Windowsドメイン認証しているTracで、チケットの担当者欄を選択できるようにする。

クラスメソッドではプロジェクト管理にTracを利用することが多いです。 Tracとは、言わずと知れたITS(Issue Tracking System=問題追跡システム)の代表格の一つですね。私としては、ITSはTracに限らず開発プロジェクトに欠かせない重要なツールです。

さてITSと言えばチケットな訳ですが、Tracでチケットの担当者を入力するとき、デフォルト設定ではいちいち手入力しなくてはいけません。 これはかなり面倒くさいので選択できるようにしたいですね。

なお、本記事はTrac0.11を前提として記述しています。

チケットの担当者欄を選択ボックスにする

チケットの担当者欄を選択ボックスにするのは簡単です。 trac.iniファイルに以下の通り記述すればOKです。

[ticket] 
restrict_owner = true 

WebAdmin+IniAdminプラグインがインストールされている環境ならさらに簡単です。以下の手順で設定することができます。
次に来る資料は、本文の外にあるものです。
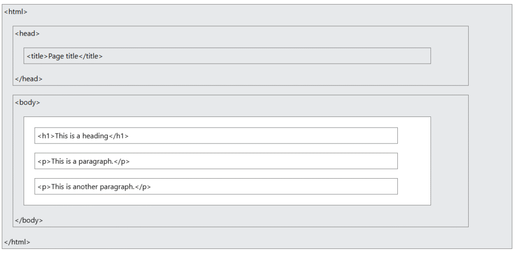 El lenguaje de marcado de hipertexto ( HTML) es el lenguaje en el que se escriben los sitios web. Los elementos (también conocidos como etiquetas) son los componentes básicos de las páginas HTML e indican al navegador cómo mostrar el contenido. El siguiente fragmento de código muestra un documento HTML simple, cuya estructura es la misma para todos los sitios web:
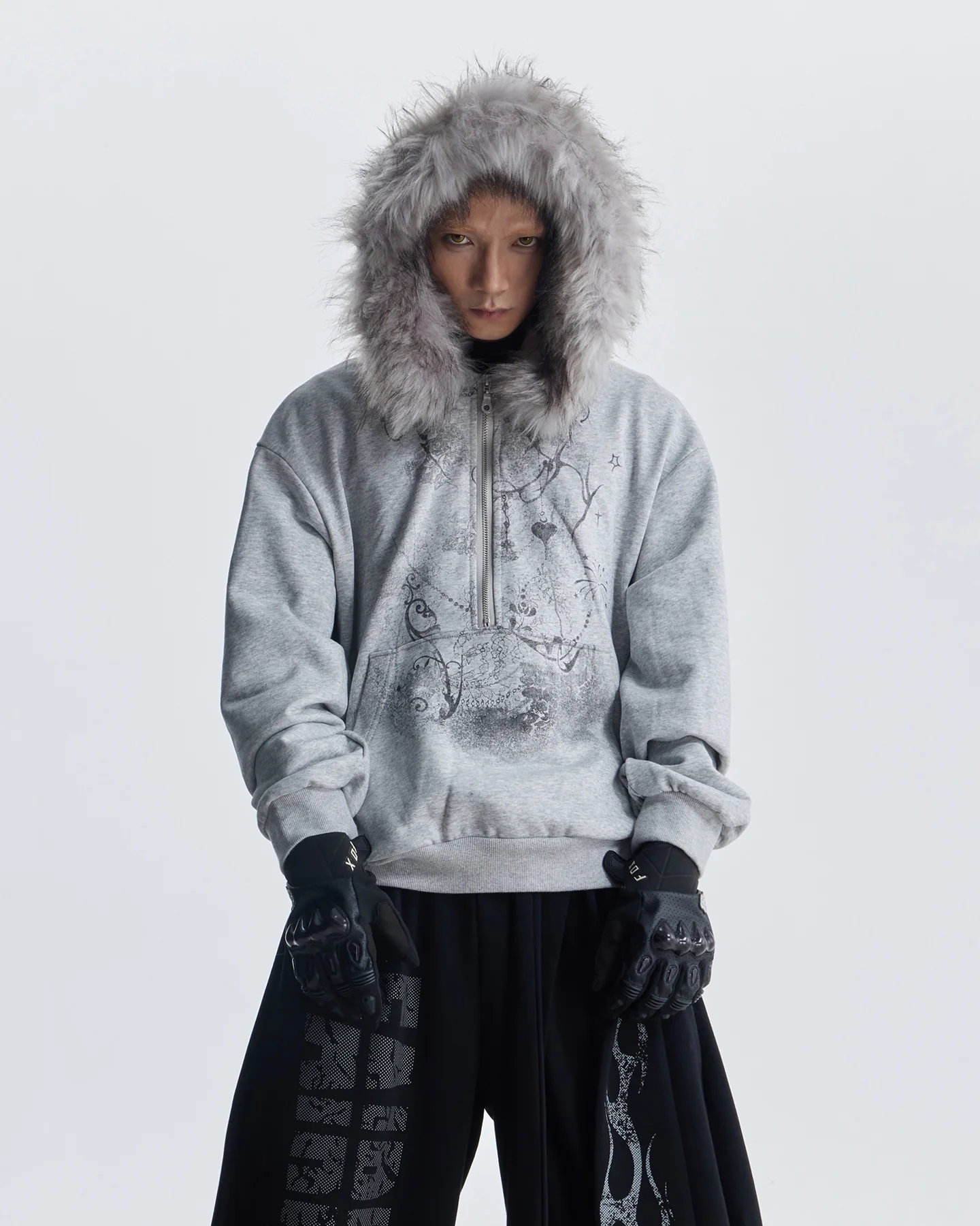 Design Elements: Fuzzy fabric, printed design, half-zip front, cropped cut, relaxed hooded silhouette

  1. 管理コンソール(TRAC_ADMIN権限が必要です)でtrac.iniのticketの画面を開きます。
  2. restrict_ownerの項目でtrueを選択します。
  3. Apply changesボタンをクリックすれば完了です。

restrict_owner = true

簡単ですね。

上記の設定をしたときにチケットの担当者欄に選択候補として表示されるには、TracのDBにユーザーのセッション情報が登録されている必要があります。なおかつ、そのユーザーはTICKET_MODIFY権限を持っている必要があります。 セッション情報は、ユーザーがログインした時などに作成されます。

Windowsドメイン認証を利用している場合

クラスメソッド社内のTracは、標準のBasic認証ではなく、AD(Active Directory)を参照しWindowsドメイン認証でユーザー認証を行っています。この場合Tracに対してユーザー情報を登録する必要はありません。しかしそのままではTracにセッション情報が作成されないようで、せっかくチケットの担当者欄を選択ボックスにしても誰も選択することができません。

担当者の選択リストが空っぽ

それではどうするかですが、単純にTracにユーザー登録をしてしまえばよいです。管理コンソールからユーザー情報を登録してみましょう。ユーザー名はADで管理しているアカウントと同じにします。
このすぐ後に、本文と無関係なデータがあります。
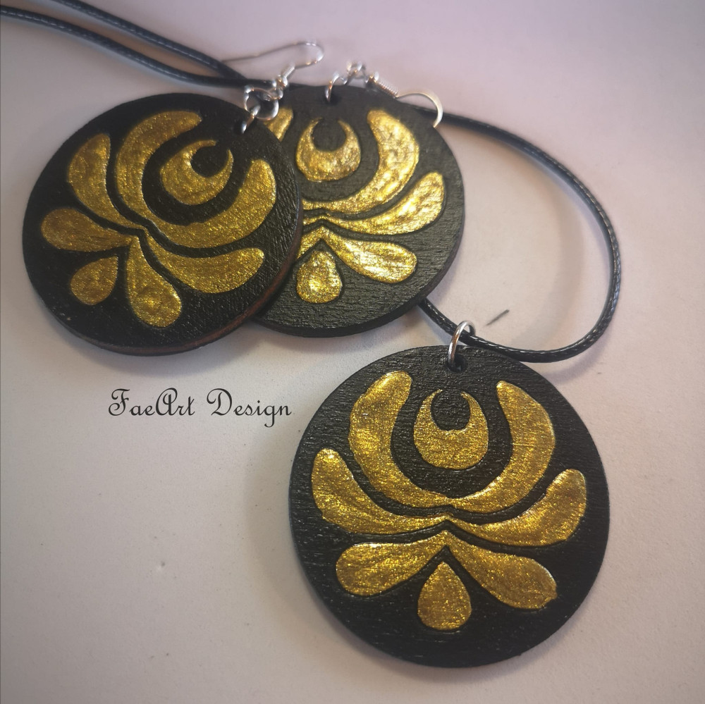 Méret: fülbevaló 45 mm / medál 45 mm / 45+5 cm textilbőr szerelékes lánc
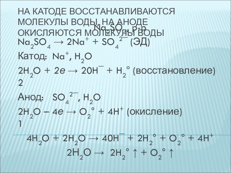 Слайд 13НА КАТОДЕ ВОССТАНАВЛИВАЮТСЯ МОЛЕКУЛЫ ВОДЫ, НА АНОДЕ ОКИСЛЯЮТСЯ МОЛЕКУЛЫ ВОДЫ

ユーザー情報を行ったら、チケットの担当者欄にユーザー名が表示されるようになりました。

担当者をリストから選択

難点と言えば、いちいちユーザー情報を登録しなくてはいけないということです。ユーザー数が多ければ、なかなか大変な作業ですね。 登録するユーザー数が多いときは、バッチをつくってコマンドライン(trac-admin)から登録するなど工夫が必要です。